Another pressure will come from the pressure to get people into electric and/or hybrid cars for climate change reasons. You can see your 10 year old car becoming literally worthless.
This will suit everyone - government, manufacturers - except the motorist.
peteo
12-10-2009, 09:52 PM
Just found this, in of all places, the Christian Science Monitor. Not my normal reading I hasten to add. It echoes what people have already said on here.
http://www.csmonitor.com/2004/0419/p13s02-wmgn.html
Vwsteve76
13-10-2009, 01:28 AM
At the end of the day depends if you can afford to change your old car, if the car is in decent state and just need a one part changed to get it through its mot etc sometime it`s worth spending few hundred pounds to get another year motoring out of the old car even if the car is worth least then the repair bill it better then spending a few thousend pounds on a newer car if money it short.
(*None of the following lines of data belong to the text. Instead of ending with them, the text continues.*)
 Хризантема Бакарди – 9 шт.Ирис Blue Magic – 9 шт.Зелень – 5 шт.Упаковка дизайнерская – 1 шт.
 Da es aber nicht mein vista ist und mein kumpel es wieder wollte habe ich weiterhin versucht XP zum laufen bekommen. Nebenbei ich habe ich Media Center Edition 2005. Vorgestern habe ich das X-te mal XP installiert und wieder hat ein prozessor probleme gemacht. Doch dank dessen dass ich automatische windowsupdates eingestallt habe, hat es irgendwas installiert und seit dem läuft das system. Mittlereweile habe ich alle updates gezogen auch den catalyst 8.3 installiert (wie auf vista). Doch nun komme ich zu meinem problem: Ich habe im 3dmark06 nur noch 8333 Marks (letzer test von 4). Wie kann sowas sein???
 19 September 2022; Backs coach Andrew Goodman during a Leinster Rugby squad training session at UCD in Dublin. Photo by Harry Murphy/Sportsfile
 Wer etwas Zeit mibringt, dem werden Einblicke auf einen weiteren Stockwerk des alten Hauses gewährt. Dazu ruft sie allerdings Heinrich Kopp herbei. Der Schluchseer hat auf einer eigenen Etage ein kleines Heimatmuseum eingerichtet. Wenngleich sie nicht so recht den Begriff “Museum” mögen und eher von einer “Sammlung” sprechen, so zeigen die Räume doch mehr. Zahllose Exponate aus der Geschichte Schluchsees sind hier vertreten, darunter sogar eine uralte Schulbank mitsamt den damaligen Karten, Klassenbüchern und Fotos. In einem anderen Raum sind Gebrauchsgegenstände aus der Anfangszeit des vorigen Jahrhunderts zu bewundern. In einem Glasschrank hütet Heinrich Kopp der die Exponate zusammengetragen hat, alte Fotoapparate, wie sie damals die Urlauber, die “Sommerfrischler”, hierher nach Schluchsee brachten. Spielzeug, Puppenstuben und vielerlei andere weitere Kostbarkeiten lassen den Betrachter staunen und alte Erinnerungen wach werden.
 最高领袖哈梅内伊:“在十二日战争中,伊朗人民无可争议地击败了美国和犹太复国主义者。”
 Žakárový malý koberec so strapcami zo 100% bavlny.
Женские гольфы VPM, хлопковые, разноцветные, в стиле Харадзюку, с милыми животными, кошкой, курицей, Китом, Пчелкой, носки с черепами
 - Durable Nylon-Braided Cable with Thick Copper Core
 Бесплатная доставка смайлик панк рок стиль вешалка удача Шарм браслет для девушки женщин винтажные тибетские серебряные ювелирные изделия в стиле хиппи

End the day would you scrap a car because somthing like the air conditioning etc stopped working and cost more then the car is worth to repair it do not stop the car doing it`s job getting you from A to B if your air conditioning or elecric window or somthing similer is not working.
Depend`s how you look at it really.
Sorry about bad spelling :Blush2:
No, you wouldn't scrap a car if an ancillary system not vital to the running failed.
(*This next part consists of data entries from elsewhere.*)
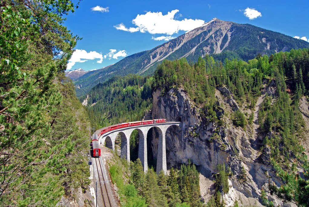 It’s an early start today as you meet your driver for a 3.5-hour transfer to Tirano, a tiny town on the border with Switzerland and boarding point for the Bernina Express. This train line connects Europe from north to south and is heralded for its astonishing scenic routes that pass through the UNESCO World Heritage Site of the Rhaetian Railway, which includes the 213-foot-long (65 m) Landwasser Viaduct.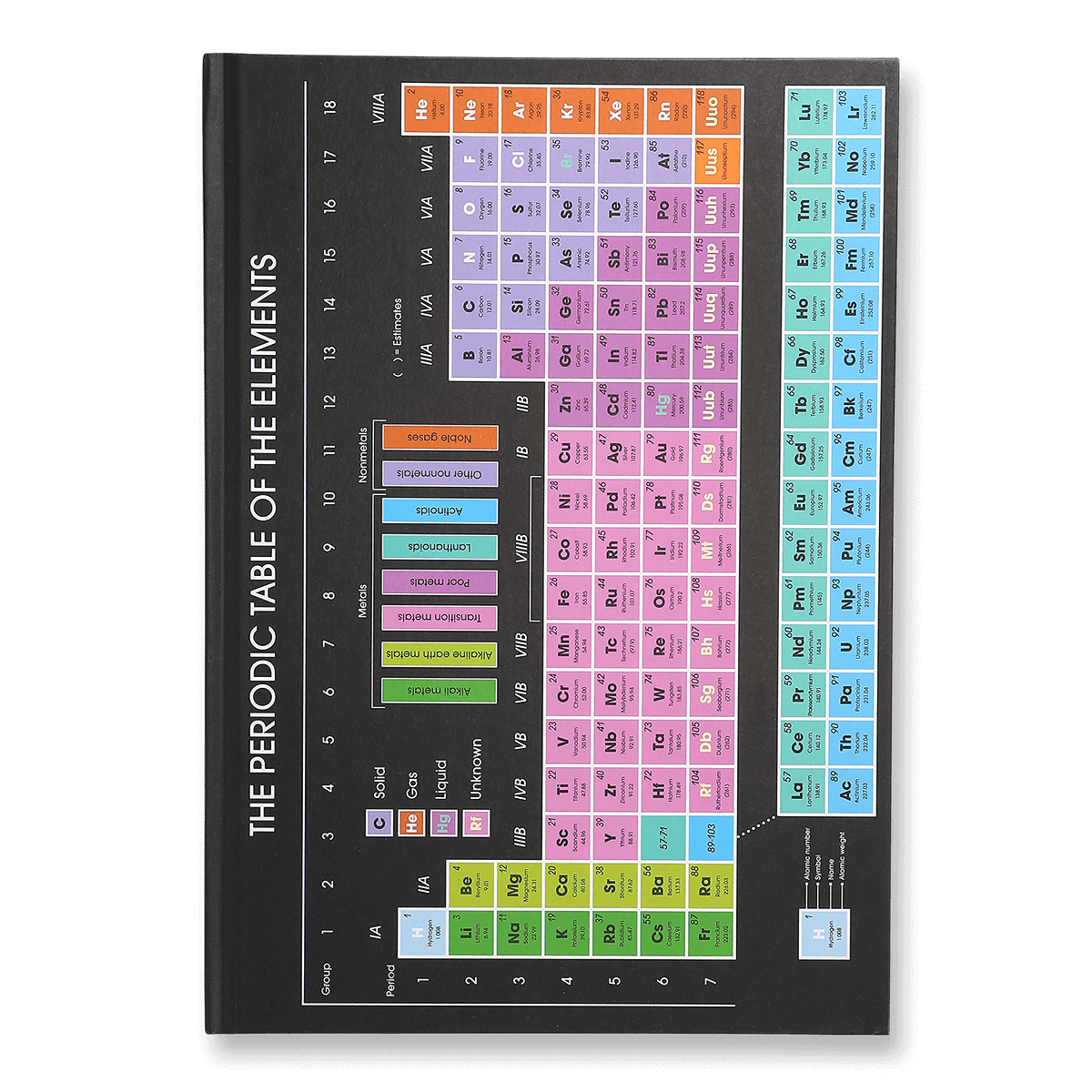 Notesbog med det periodiske system på forsiden. I A4-format og med linjeret papir.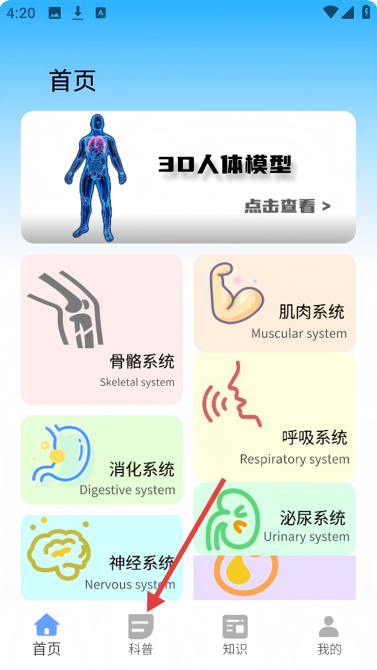 1、在首页点击底部【科普】按钮,进入科普页面。

My thoughts about airbags run true in that link above, very scaring reading.
Also I reckon you'll see hardly any PD engined VAG cars on the road in 10 years time, they will simply cost to much to fix if they ever go wrong. In fact on some of the early ones I'd say they are right on the limit of value vs cost to repair, especially AJM engined ones with their habit of blowing head gaskets.
paul b
15-10-2009, 11:55 PM
Am I one of the few that believes in the "better the devil you know" saying?
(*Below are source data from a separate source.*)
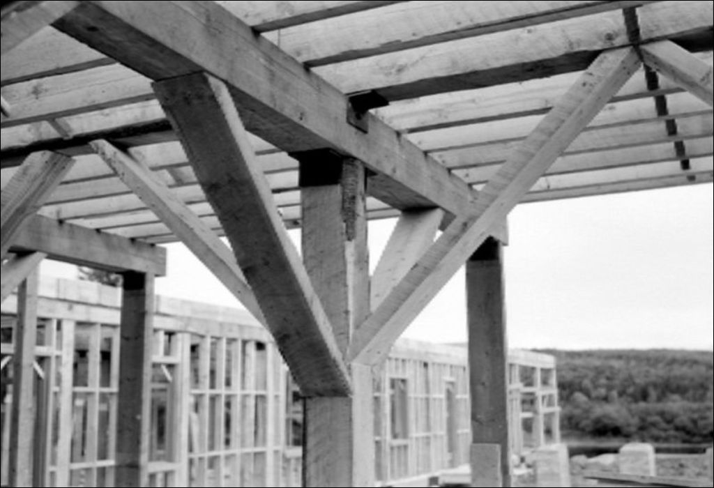 Colonnes et supports de poutres lors de la construction du moulin à l'école de Duchesnay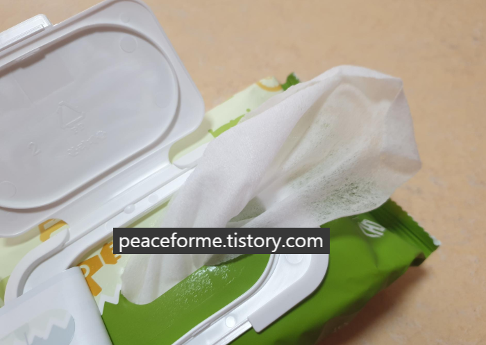 한 손을 쓱쓱 움직여서 물티슈를 밖으로 빼는 일이 그리 어렵지 않았다. 뿐만 아니라 과하지 않은 수분감으로 촉촉함을 전해주는 점도 꽤 괜찮았다.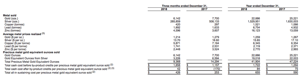 For the year ended December 31, 2018, the Company sold 41,904 precious metal gold equivalent ounces at a total cash cost of $84 per gold equivalent ounce. Realized 2018 average sales prices were $1,259 per ounce for gold and $15.65 per ounce for silver. The Company recorded revenues of $115.3 million, and net income of $9.3 million, or $0.16 per share. Base metal production generated $68.6 million in revenue for 2018.

Sometimes you have to be more realistic than think, "the car's worth £2k, it's not worth fixing if I have to spend £1.5k on it."
Am I one of the few that believes in the "better the devil you know" saying?
Sometimes you have to be more realistic than think, "the car's worth £2k, it's not worth fixing if I have to spend £1.5k on it."
In that case Paul you have to factor in risk.
Why risk spending 1.5k on something that is worth 2k.
If the car was written off you would only get 2k and would therefore have lost that 1.5k.
To be risk averse the better way is to add the 1.5k to the 2k and buy something for 3.5k that does not need the 1.5k repair.
That is of course if you can get rid of it for 2k. Chances are you would need to spend that 1.5k to be able to sell for 2k so you are back to square one.
In that instance unless it it somewthing special, the car does then become disposable I'd say. You'd cut your losses and sell the 2k car for 1k in its broken state and then add the 1.5k you were going to spend on the repair to get a car worth 2.5k.
It is a fine line to walk at the banger end of the market. In the old days when those that would fix could fix, the make do and mend way was best. These days it is difficult and expensive to fix and you take the risk risk of another major system failing after you've spent that 1.5k.
peteo
16-10-2009, 11:19 AM
I meet up with a group of old work mates on a monthly basis for a walk followed by lunch. One of our number swept into the car park yesterday in a brand new BMW 116i automatic. Last month he was still in his 17 year old Honda Accord. The crunch time for him was the need to have extensive work done on the ABS system including two new sensors at a cost of £158 each. Looking at a £500 bill on his car which was worth no more than £500 he finally called time.
He's had 12 years out of his Accord and got £2,000 under the scrappage scheme. He fully intends to take his new BMW to the end (either his or the car's!).
But I agree with Big Col. £1,500 is something I would not spend on a car worth £2,000. That could be followed by another monster bill for something else. I would be heading for the exit door faced with that type of bill.
Running bangers is a valid way to keep motoring costs down - there's a Bangernomics website - but you have to be unsentimental. Big bill - get rid - and spend the £1500 on another banger.
Crasher
16-10-2009, 01:24 PM
To be risk averse the better way is to add the 1.5k to the 2k and buy something for 3.5k that does not need the 1.5k repair.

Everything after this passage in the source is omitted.